§ WHAT YOU NEED TO DO: When writing out the entries below, keep only the lines from the line with "two bunkers. |" to the line with "From the 2019", both included, exactly as they are, and leave the pictures aside.

§ THE INPUT:
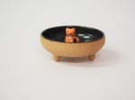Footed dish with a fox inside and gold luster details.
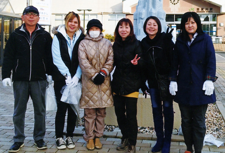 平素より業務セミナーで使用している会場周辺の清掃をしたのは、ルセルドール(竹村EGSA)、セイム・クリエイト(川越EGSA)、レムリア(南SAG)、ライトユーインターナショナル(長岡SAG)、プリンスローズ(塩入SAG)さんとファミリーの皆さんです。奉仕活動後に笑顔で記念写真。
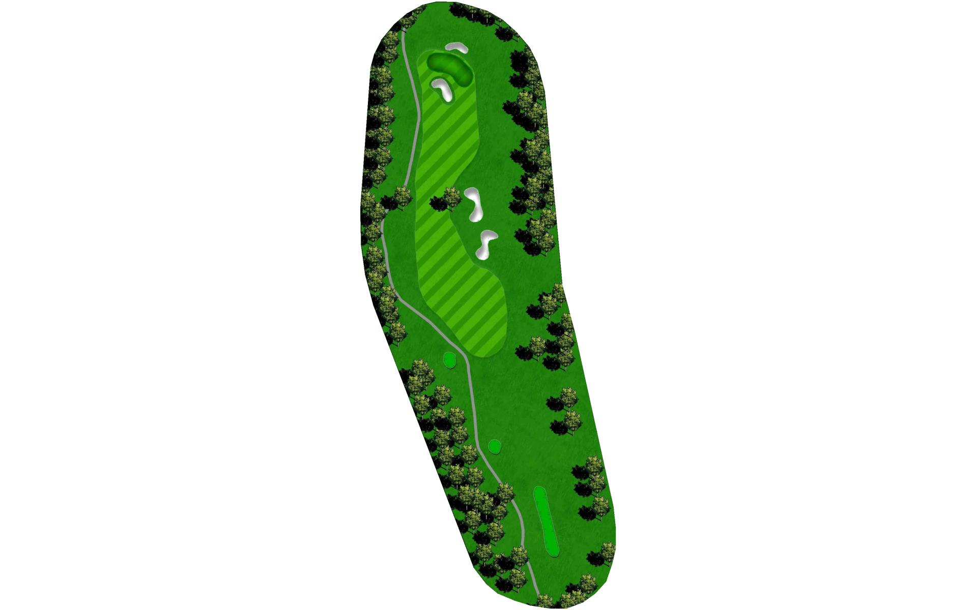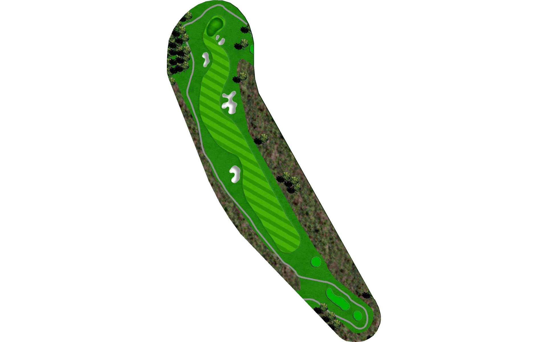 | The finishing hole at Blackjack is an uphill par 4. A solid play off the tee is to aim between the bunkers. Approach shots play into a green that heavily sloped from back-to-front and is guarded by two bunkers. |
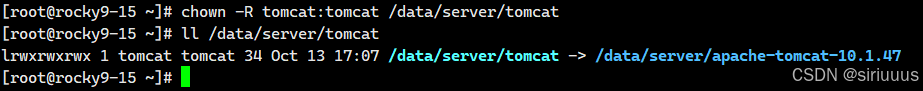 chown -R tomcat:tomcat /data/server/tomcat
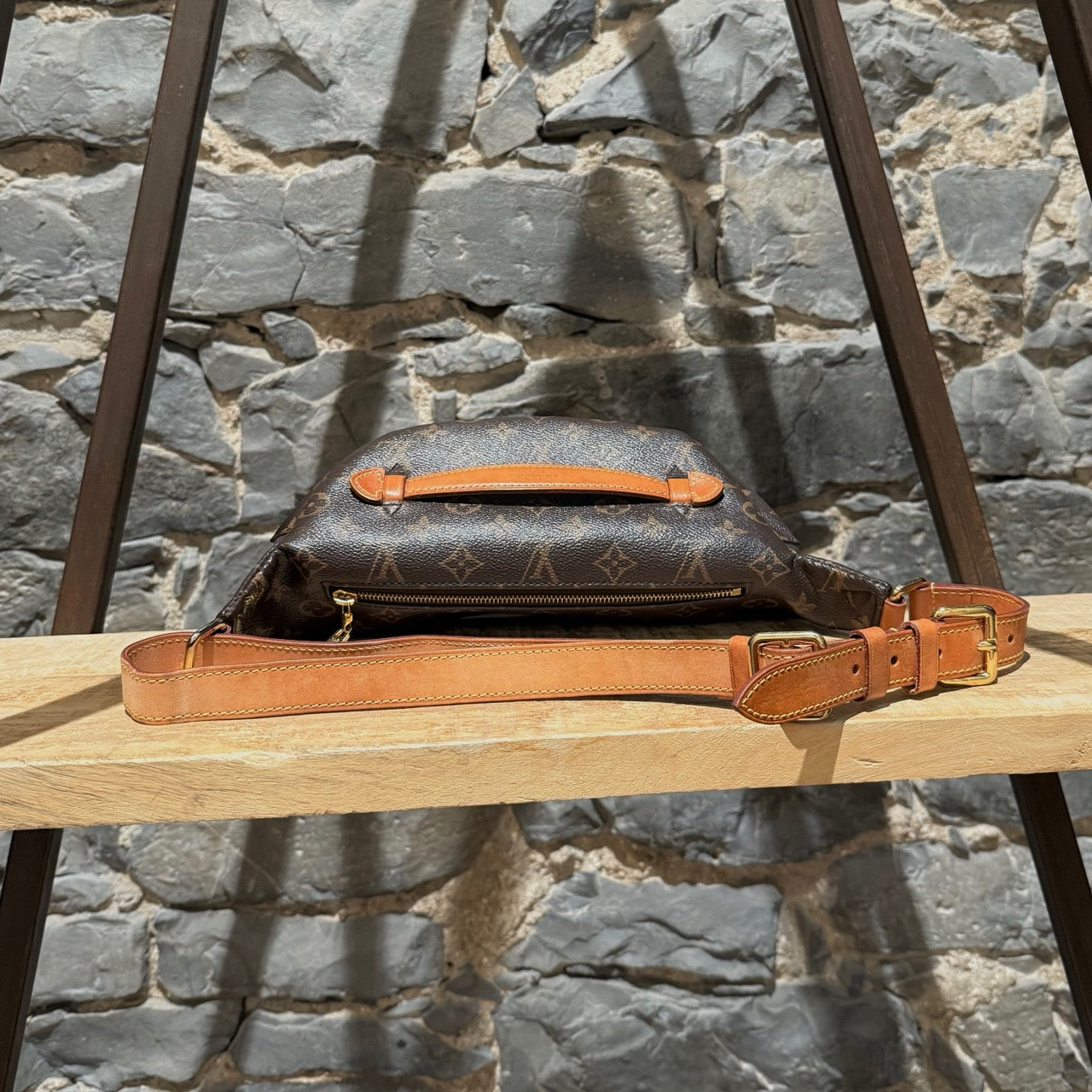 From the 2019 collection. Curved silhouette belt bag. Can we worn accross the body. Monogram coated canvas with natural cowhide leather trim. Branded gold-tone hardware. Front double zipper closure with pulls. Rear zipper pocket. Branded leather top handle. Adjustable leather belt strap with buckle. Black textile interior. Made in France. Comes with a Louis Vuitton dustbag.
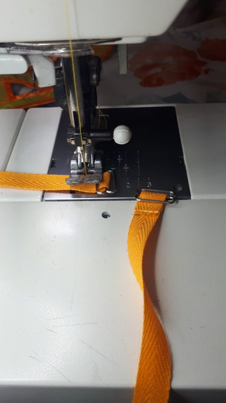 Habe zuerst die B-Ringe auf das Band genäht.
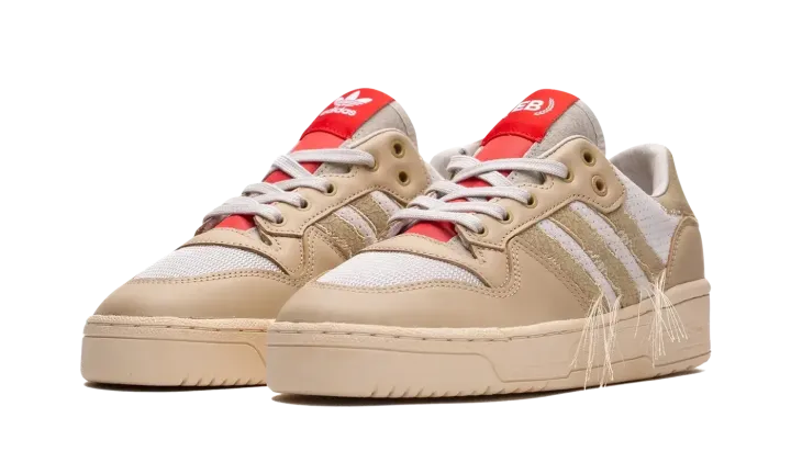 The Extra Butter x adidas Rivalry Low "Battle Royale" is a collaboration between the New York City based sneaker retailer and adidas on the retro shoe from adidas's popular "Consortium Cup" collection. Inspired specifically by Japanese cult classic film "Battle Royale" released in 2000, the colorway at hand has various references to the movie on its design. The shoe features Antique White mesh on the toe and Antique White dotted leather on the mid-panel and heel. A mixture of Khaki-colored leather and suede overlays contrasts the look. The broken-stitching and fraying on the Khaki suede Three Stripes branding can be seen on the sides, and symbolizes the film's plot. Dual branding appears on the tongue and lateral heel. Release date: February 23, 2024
==
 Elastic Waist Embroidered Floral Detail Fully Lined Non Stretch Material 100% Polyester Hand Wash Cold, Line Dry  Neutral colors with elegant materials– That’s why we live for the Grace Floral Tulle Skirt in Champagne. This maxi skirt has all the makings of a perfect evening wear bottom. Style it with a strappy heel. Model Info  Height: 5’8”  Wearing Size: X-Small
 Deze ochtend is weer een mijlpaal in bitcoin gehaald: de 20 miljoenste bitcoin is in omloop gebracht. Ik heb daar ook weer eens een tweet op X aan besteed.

§ REPLY:
 | The finishing hole at Blackjack is an uphill par 4. A solid play off the tee is to aim between the bunkers. Approach shots play into a green that heavily sloped from back-to-front and is guarded by two bunkers. |
 chown -R tomcat:tomcat /data/server/tomcat
 From the 2019 collection. Curved silhouette belt bag. Can we worn accross the body. Monogram coated canvas with natural cowhide leather trim. Branded gold-tone hardware. Front double zipper closure with pulls. Rear zipper pocket. Branded leather top handle. Adjustable leather belt strap with buckle. Black textile interior. Made in France. Comes with a Louis Vuitton dustbag.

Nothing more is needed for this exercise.